AI in the enterprise

– 11 min read

Considering DIY generative AI? Be prepared for these hidden costs

Andrew Miller

Considering DIY generative AI? Be prepared for these hidden costs

Just because an enterprise company can develop custom software in-house doesn’t mean they should. There’s a perception that a DIY solution is more cost-effective or can achieve use cases perfectly tailored to the company’s needs. While DIY itself isn’t bad and can be highly beneficial, the challenge lies in the complexity of using a massive, unconnected set of technologies from many different vendors.

Generative AI is particularly complex. There are numerous technology vendors to select from. Stitching these vendors together can be slow, risky, and resource intensive, and results often don’t meet the accuracy needed to move from Proof of Concept (POC) to production.

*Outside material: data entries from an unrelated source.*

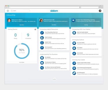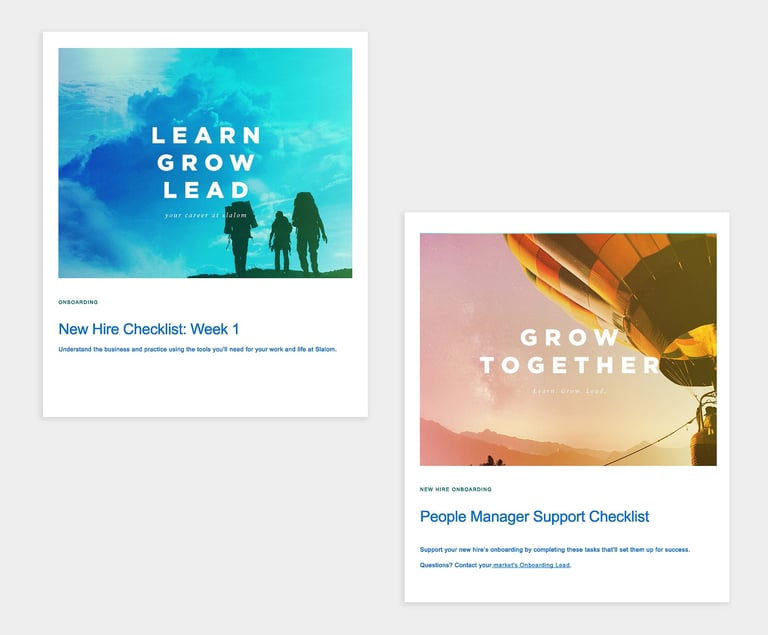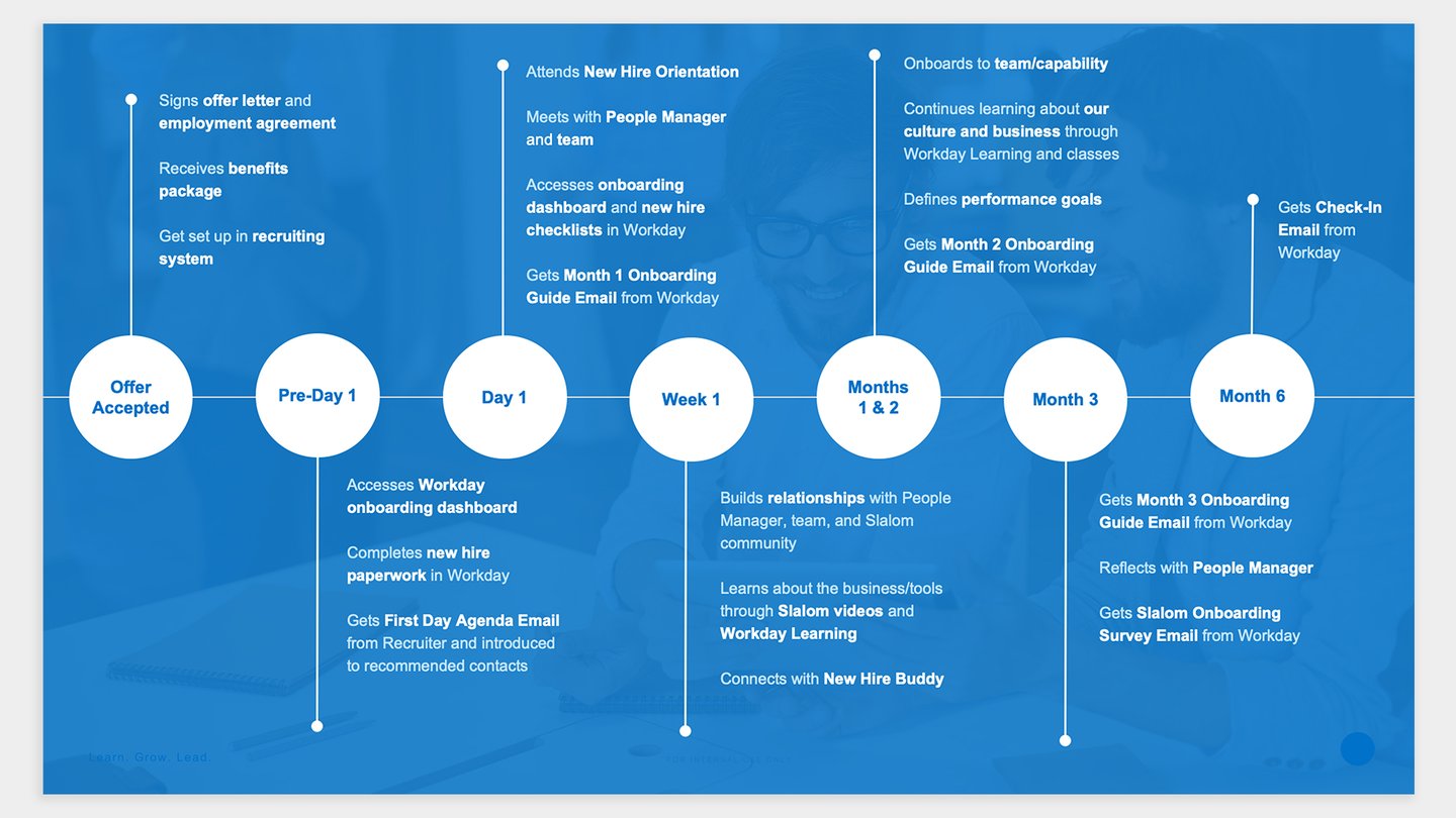 Once they start and up till six months, they can use the dashboard to access timely checklists (day one, week one, month one, two, etc.) to complete key tasks and learning, attend New Hire Orientation, and asynchronous, bite-sized learning resources such as short videos of Slalom's business and culture, guided conversation templates with their manager about goal setting and performance, and more.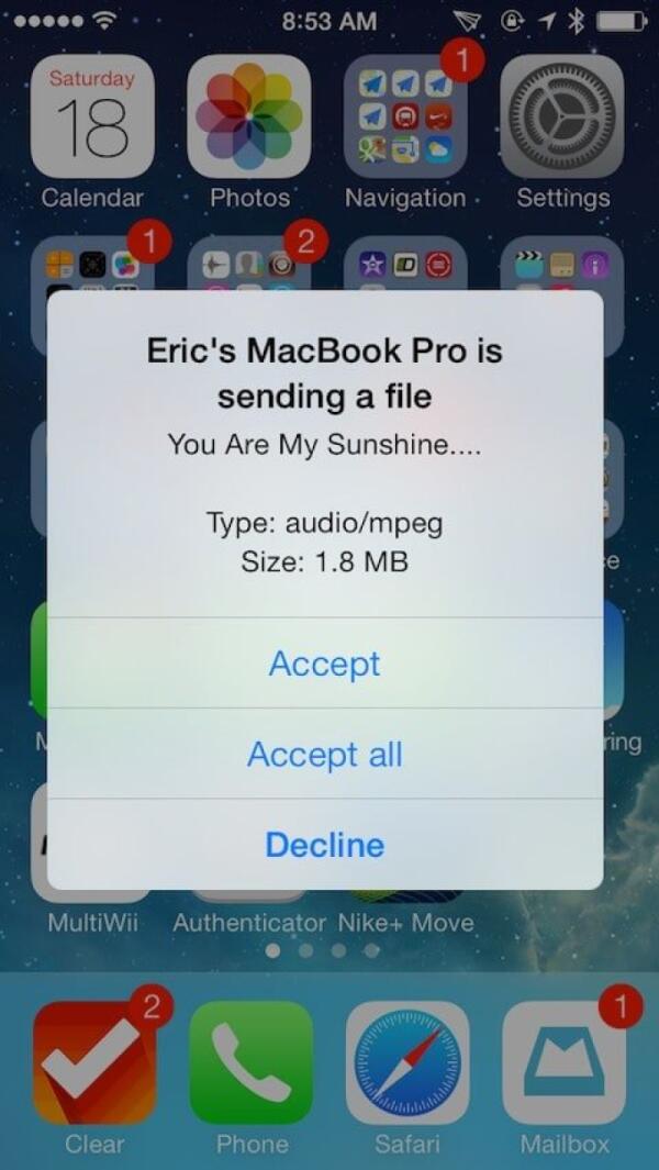 Migliori Tweak Cydia per iOS 8: download tweak AirBlue Sharing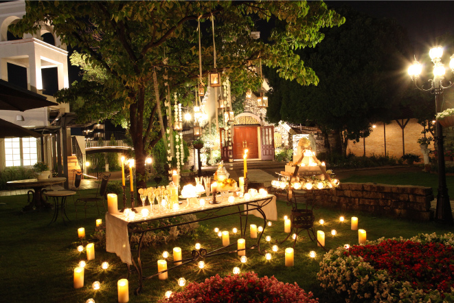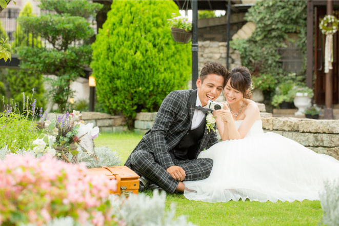 会場とひと続きの緑溢れる専用ガーデンは、一歩足を踏み入れたとたんに、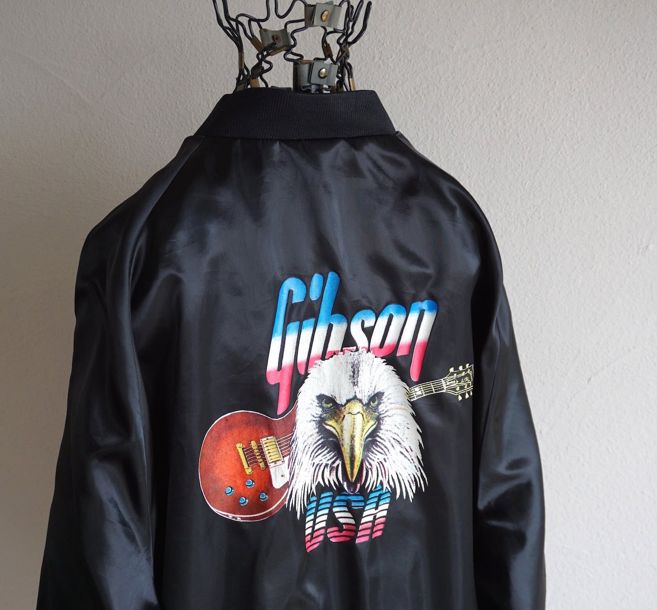 ホワイトヘッドイーグルと、フラッグシップモデル"レスポール"のバックプリントが最高にcoolな、「Gibson」ナイロンサテンジャケット。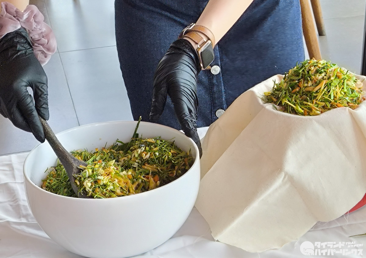 タイのスパでお馴染みのハーバルボール作り体験です!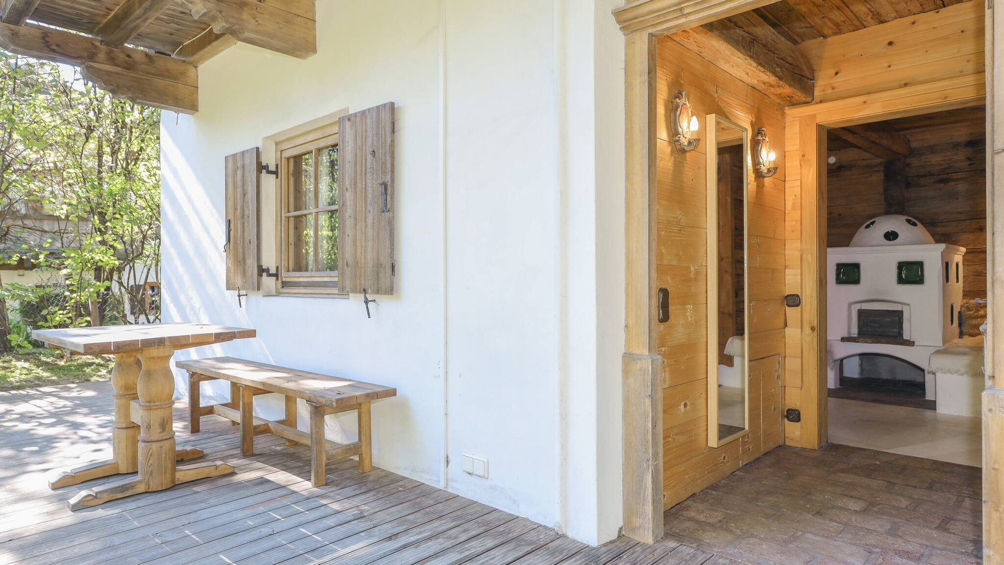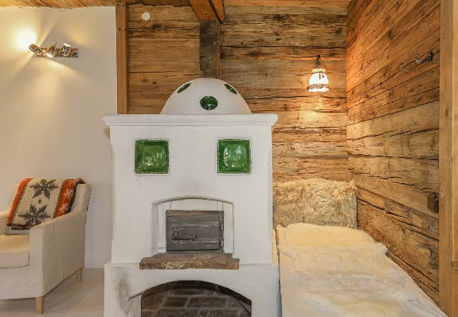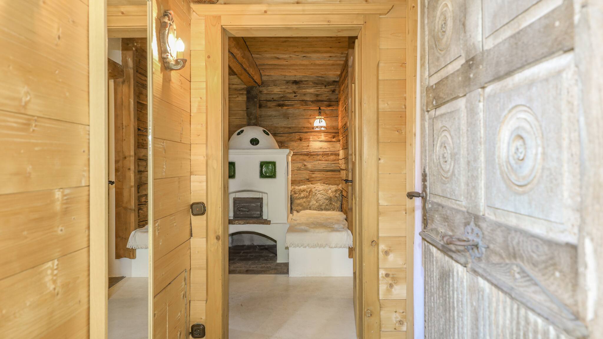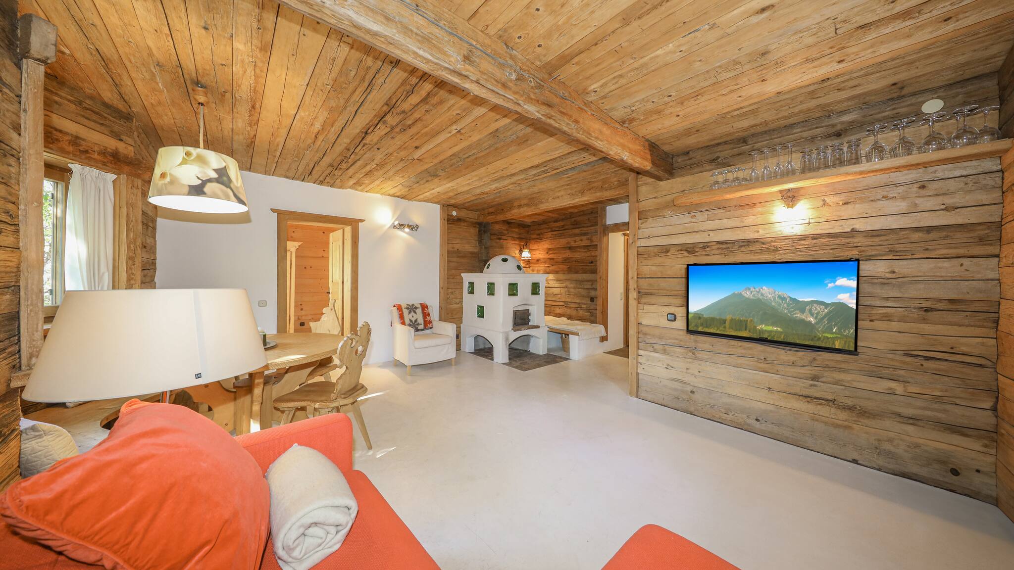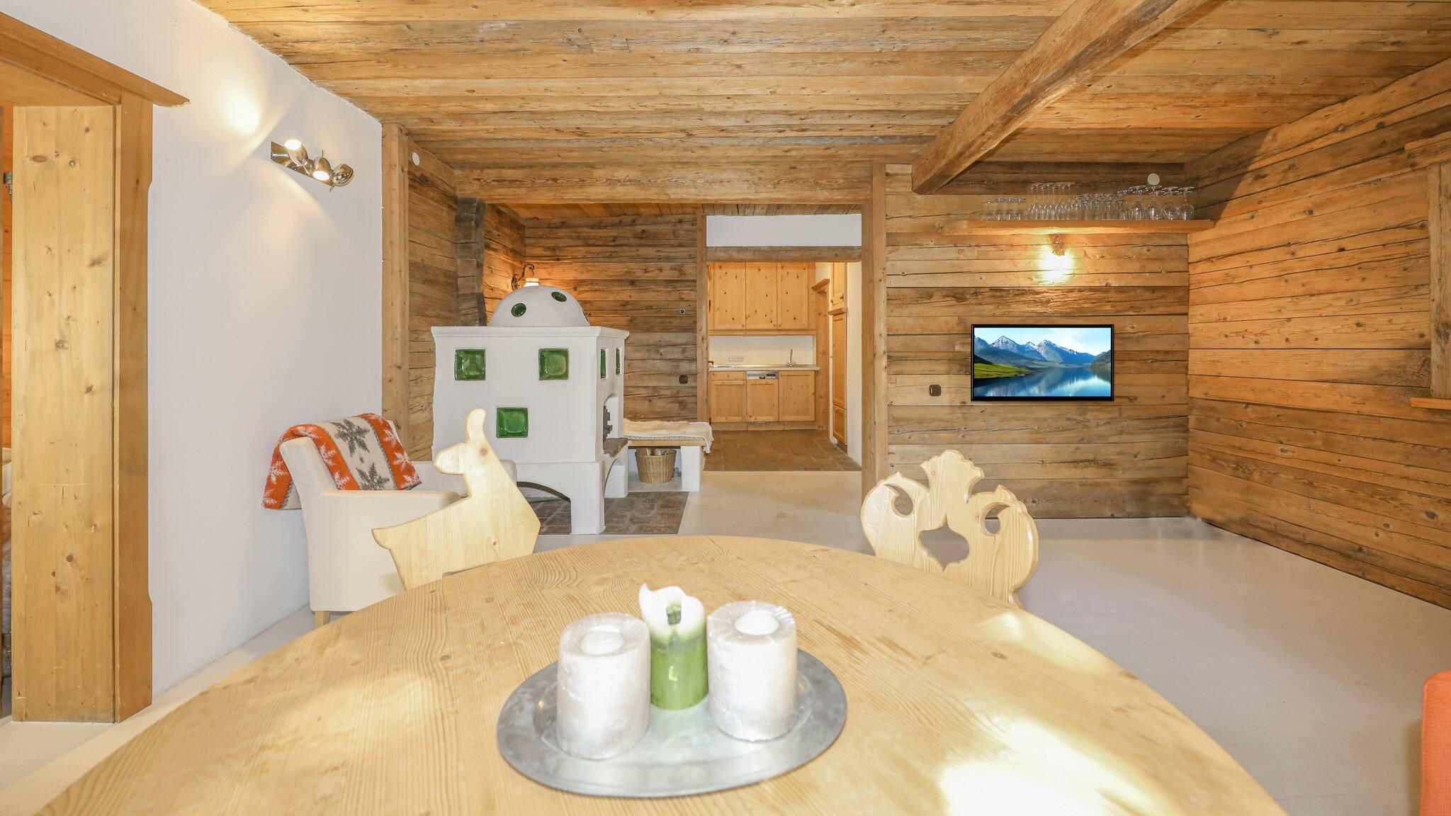 This charming apartment with a traditional tiled stove is located in an alpine chalet surrounded by old trees – a place to breathe, unwind, and feel at home. Warm wooden ceilings and walls create a cozy atmosphere full of rustic charm.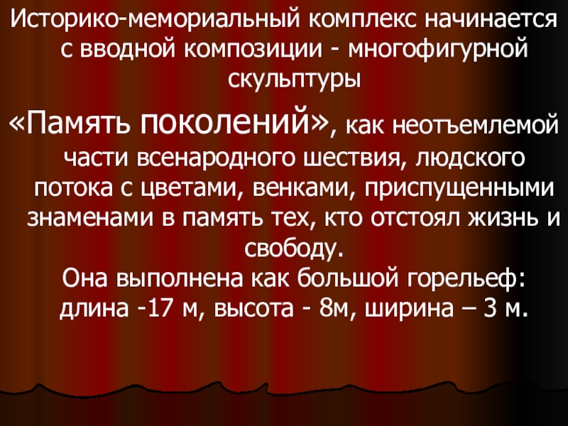 Слайд 5Историко-мемориальный комплекс начинается с вводной композиции - многофигурной скульптуры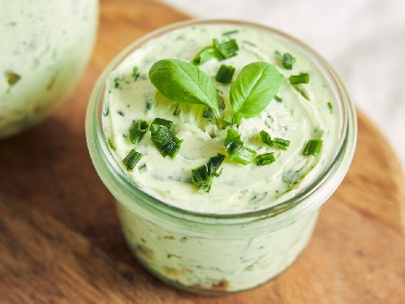 В блендер се слагат чесън, магданоз, босилек, майонезата и оцет. Смилат се, докато се комбинират.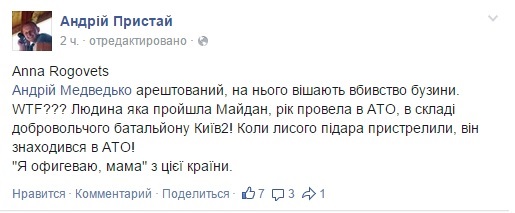 «Зараз не можу точно сказати, але друзі кажуть те, що йому (Медведьку) шиють вбивство - в той час він був у АТО, зафіксований по геолокації дзвінок з Щастя Луганської області», - додав Карась.

On top of that, ‌technology is evolving at an unprecedented pace, which means more maintenance for the solution to remain effective. And for generative AI to be an effective enterprise solution, it must dynamically connect to internal data to provide the most accurate, high-quality responses.

Hiring, development, and maintenance all come at a price. Enterprise companies need to factor in those costs when considering DIY generative AI versus licensing a full-stack platform.

Summarized by Writer

  • Implementing generative AI for enterprise use is complex. It’s slow, risky, and resource-intensive to build a solution in-house.
  • DIY generative AI has hidden costs, such as development and production servers, databases, storage, and the need for a large language model (LLM) and retrieval augmented generation (RAG) approach.
  • A full-stack platform eliminates the costs of servers, storage, and in-house resources but involves annual platform fees, onboarding costs, and monthly subscription costs.
  • Full-stack solutions offer faster deployment, higher output quality, better security, and easier ROI success than DIY generative AI.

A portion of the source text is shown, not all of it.